Let no one be idle. If one is idle, let him band together with others who are idle too, and let them look for idle land. Let everyone they meet direct them. It is better to walk a thousand leagues than to sit in the House of Starvation
One is strong, another beautiful, a third a cunning artificer. Which is best? He who serves the populace.
Let the work be divided by a wise divider of work. Let the food be divided by a just divider of food. Let the pigs grow fat. Let rats starve.
The people meeting in counsel may judge, but no one is to receive more than a hundred blows.
How are the hands nourished? By the blood. How does the blood reach the hands? By the veins. If the veins are closed, the hands will rot away
Where the Group of Seventeen sit, there final justice is done.
Let there be clean water for those who toil. Let there be hot food for them and a clean bed.
No one is to receive more than a hundred blows.
Behind everything some further thing is found, forever; thus the tree behind the bird, stone beneath soil, the sun behind Urth. Behind our efforts, let there be found our efforts.

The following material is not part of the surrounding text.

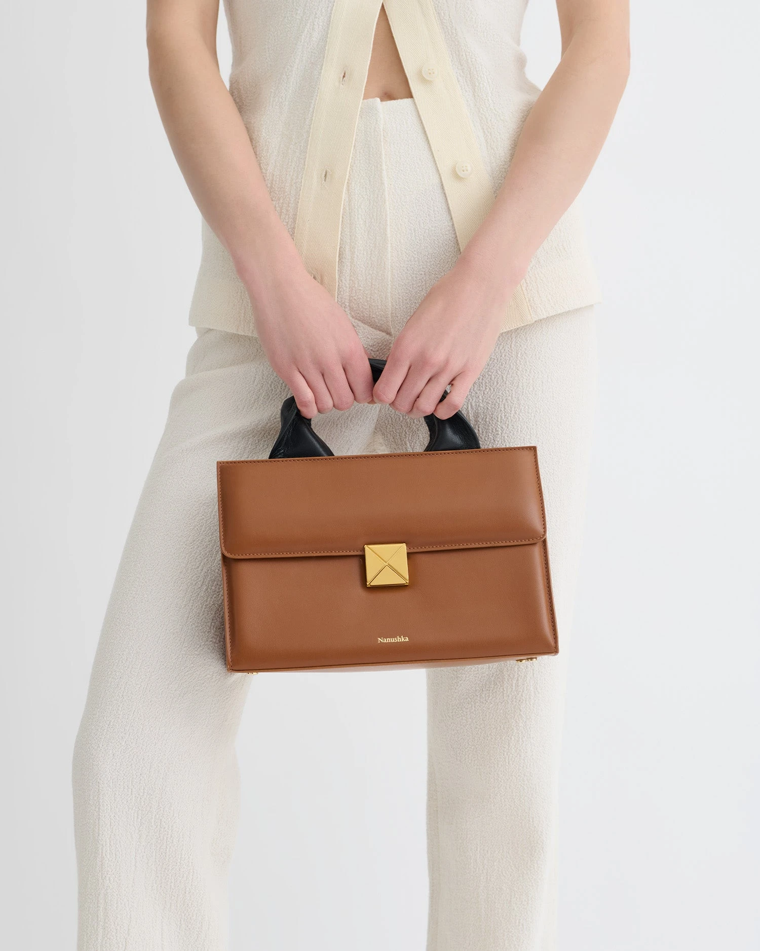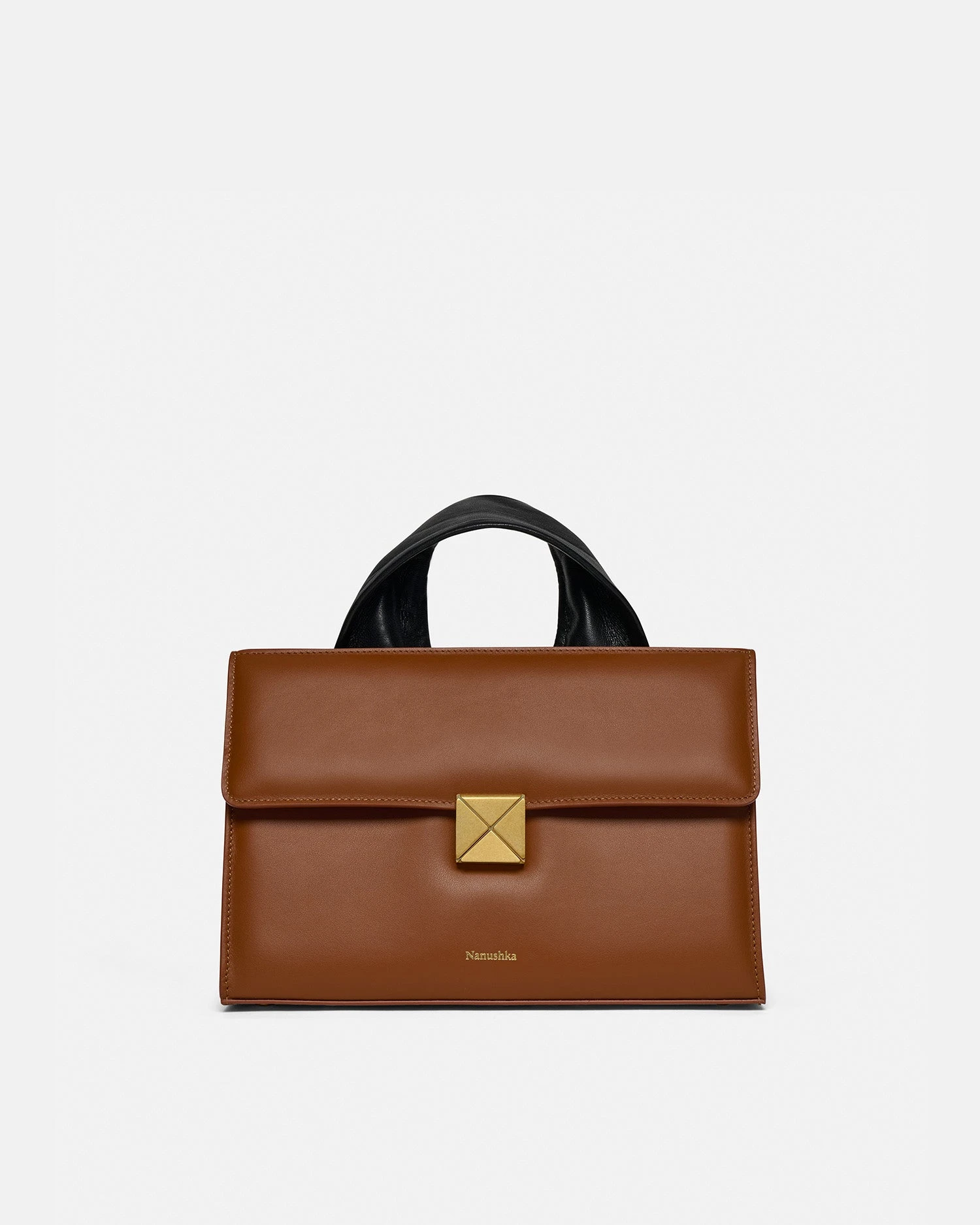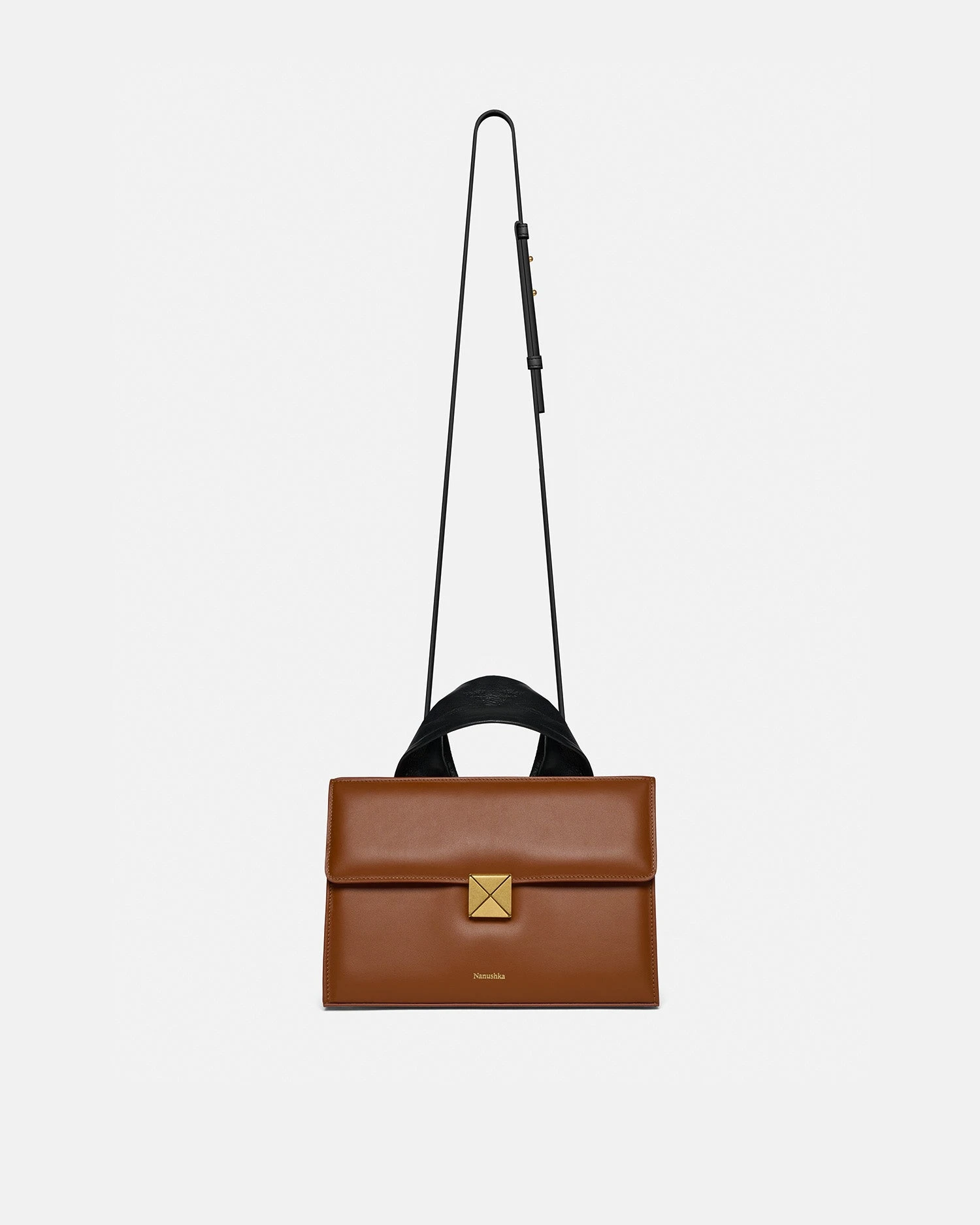 Designed from smooth leather, the SANDI Lock in tan redefines what it means to be a modern bag. Completed with a moldable wire top handle and an adjustable cross-body strap, the in-house developed gold brushed origami lock sits at the heart of the bag, showcasing an integral piece of Nanushka’s geometrical brand code.

Can all petitioners be heard? No, for all cry together. Who, then, shall be heard—is it those who cry loudest? No, for all cry loudly. Those who cry longest shall be heard, and justice shall be done to them.
So say the Group of Seventeen: From those who steal, take all they have, for nothing that they have is their own
As a good child to its mother, so is the citizen to the Group of Seventeen.
What is foolish speech? It is wind. It has come in at the ears and goes out of the mouth. No one is to receive more than a hundred blows.
Behind our efforts, let there be found our efforts.
The citizen renders to the populace what is due to the populace. What is due to the populace? Everything.
It is better to be just than to be kind, but only good judges can be just; let those who cannot be just be kind.
Those who cry longest shall be heard, and justice shall be done to them.
Those who will not serve the populace shall serve the populace.
Let there be clean water for those who toil. Let there be hot food for them, and a clean bed.
No one is to receive more than a hundred blows.
Behind our efforts, let there be found our efforts.
Those who fight for the populace fight with a thousand hearts. Those who fight against them with none.
Let no one oppose the decisions of the Group of Seventeen
If their wounds are in their backs, who shall stanch their blood
Where are those who in times past have opposed the decisions of the Group of Seventeen?
Let there be clean water for those who toil. Let there be hot food for them, and a clean bed. Then they will sing at their work, and their work will be light to them. Then they will sing at the harvest, and the harvest will be heavy.